2005

Web Feeds: The Greatest Thing Since Sliced Bread!

Gerry McKiernan (Iowa State University Library) provided the audience with an introduction to RSS feeds and aggregators, especially their potential roles within libraries.

McKiernan describes feeds as automated web surfing. Feeds are sent immediately after something new is posted to the site so the site’s users can know about new content instantly. This is the strength of feeds.

RSS is called so many different things on a website…feed, XML, RSS, syndication, syndicate this site, etc. This identity crisis is part of why most users don’ t yet know what RSS is, much less use it.

ListGarden was mentioned as a useful open source option for creating your own RSS feeds.

McKiernan bemoaned the fact that IE does not have built-in RSS functionality. Firefox, Safari, and Opera has RSS functionality. I’m hearing a lot of anti-IE talk at the forum, which is not surprising at all given the audience.

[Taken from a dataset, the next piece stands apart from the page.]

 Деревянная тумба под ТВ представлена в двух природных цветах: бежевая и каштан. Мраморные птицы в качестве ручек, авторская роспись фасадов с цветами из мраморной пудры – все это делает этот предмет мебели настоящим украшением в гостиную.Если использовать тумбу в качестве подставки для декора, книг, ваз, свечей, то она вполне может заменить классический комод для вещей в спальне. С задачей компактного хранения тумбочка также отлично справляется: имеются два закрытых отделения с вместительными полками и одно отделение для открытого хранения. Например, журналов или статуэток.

Many different people and organizations are embracing RSS feeds—politicians, publishers, news organizations, and the library world.

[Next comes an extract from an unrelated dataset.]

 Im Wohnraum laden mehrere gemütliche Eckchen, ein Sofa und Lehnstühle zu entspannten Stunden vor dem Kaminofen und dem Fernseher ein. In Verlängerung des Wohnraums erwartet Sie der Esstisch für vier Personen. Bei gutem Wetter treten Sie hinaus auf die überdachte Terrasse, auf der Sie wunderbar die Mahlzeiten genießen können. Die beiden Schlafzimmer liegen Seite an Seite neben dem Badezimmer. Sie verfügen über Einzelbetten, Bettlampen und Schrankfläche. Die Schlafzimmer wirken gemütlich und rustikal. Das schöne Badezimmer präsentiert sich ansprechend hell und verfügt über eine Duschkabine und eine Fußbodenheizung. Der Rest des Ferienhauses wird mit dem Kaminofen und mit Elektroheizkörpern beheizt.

Uses for RSS in libraries mentioned were e-journals, new materials notification in libraries and archives, user instruction, and subscription database content. McKiernan shows us what some libraries are doing with RSS already, and encouraged us to keep going. McKiernan then touched on podcasting as an aspect of RSS that has potential in libraries to extend the library’s reach into “the audio.”